§ **Exercise brief**:
Return only the lines of the listing below that run from the line with "Hybrid Apparel Trendy" through the line with "ARM架構(gòu)上常用的", both ends included, exactly as written.

═════ Provided data

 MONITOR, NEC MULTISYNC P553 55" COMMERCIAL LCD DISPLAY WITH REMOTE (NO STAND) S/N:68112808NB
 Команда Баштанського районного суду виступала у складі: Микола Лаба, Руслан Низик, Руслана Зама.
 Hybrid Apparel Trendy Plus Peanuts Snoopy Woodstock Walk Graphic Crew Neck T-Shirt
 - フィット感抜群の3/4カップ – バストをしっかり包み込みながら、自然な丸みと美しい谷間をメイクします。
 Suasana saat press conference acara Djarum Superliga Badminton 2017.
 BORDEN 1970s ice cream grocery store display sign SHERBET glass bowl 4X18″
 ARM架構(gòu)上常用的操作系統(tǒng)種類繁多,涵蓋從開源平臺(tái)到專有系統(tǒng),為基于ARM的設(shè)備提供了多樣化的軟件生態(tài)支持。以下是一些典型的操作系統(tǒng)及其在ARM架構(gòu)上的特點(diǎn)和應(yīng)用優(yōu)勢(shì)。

══════════
═════ Provided data

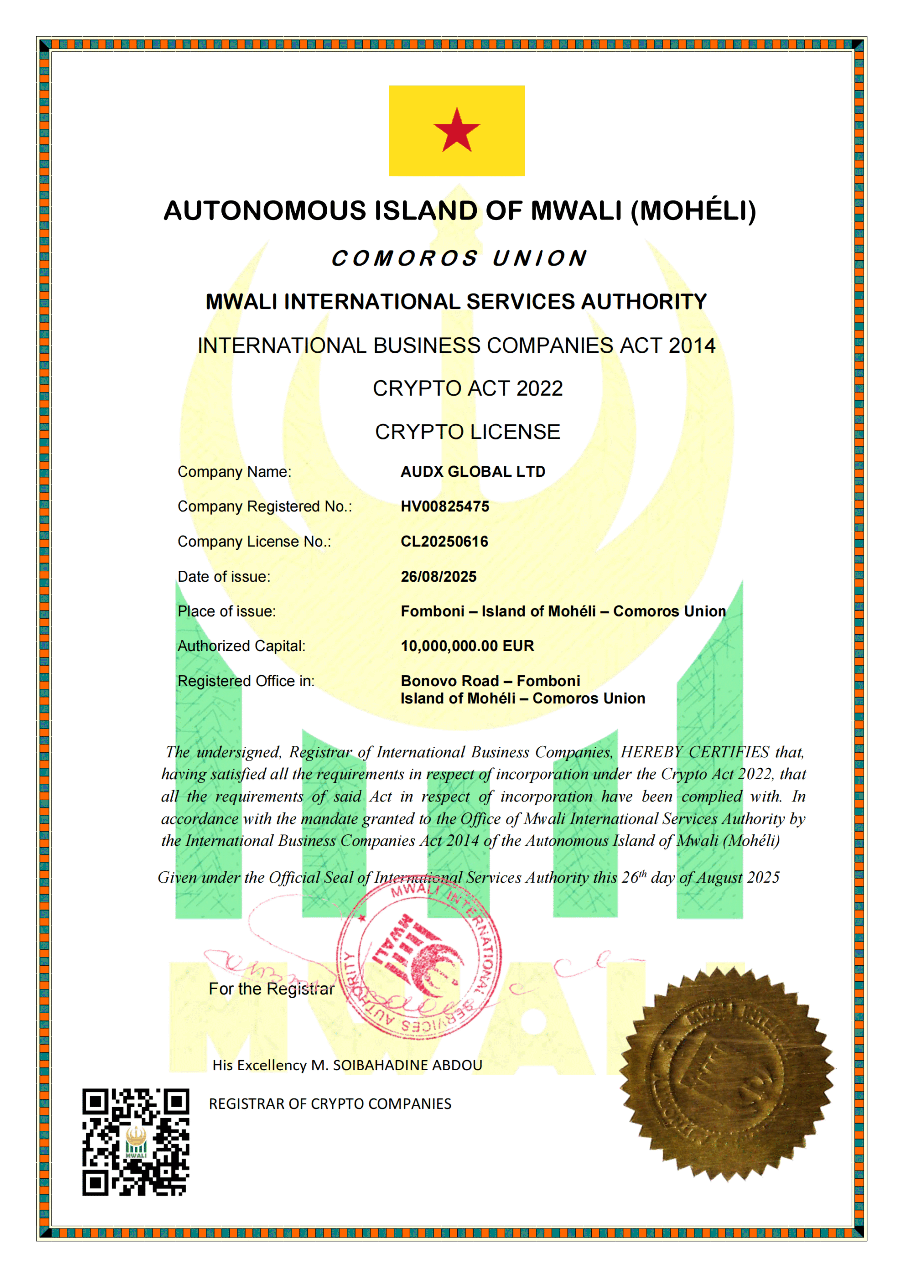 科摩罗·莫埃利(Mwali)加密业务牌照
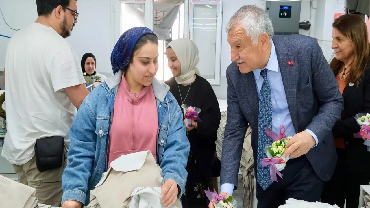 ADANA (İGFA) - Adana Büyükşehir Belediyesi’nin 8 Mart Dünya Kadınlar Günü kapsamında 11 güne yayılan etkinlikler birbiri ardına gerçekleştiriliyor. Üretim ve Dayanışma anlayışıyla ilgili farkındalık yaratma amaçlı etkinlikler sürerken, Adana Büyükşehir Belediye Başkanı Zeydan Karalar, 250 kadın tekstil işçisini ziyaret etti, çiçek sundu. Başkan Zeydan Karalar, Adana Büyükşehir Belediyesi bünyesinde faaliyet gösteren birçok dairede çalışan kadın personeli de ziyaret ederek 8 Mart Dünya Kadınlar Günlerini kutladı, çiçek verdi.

══════════

§ **Solution below**:
 Hybrid Apparel Trendy Plus Peanuts Snoopy Woodstock Walk Graphic Crew Neck T-Shirt
 - フィット感抜群の3/4カップ – バストをしっかり包み込みながら、自然な丸みと美しい谷間をメイクします。
 Suasana saat press conference acara Djarum Superliga Badminton 2017.
 BORDEN 1970s ice cream grocery store display sign SHERBET glass bowl 4X18″
 ARM架構(gòu)上常用的操作系統(tǒng)種類繁多,涵蓋從開源平臺(tái)到專有系統(tǒng),為基于ARM的設(shè)備提供了多樣化的軟件生態(tài)支持。以下是一些典型的操作系統(tǒng)及其在ARM架構(gòu)上的特點(diǎn)和應(yīng)用優(yōu)勢(shì)。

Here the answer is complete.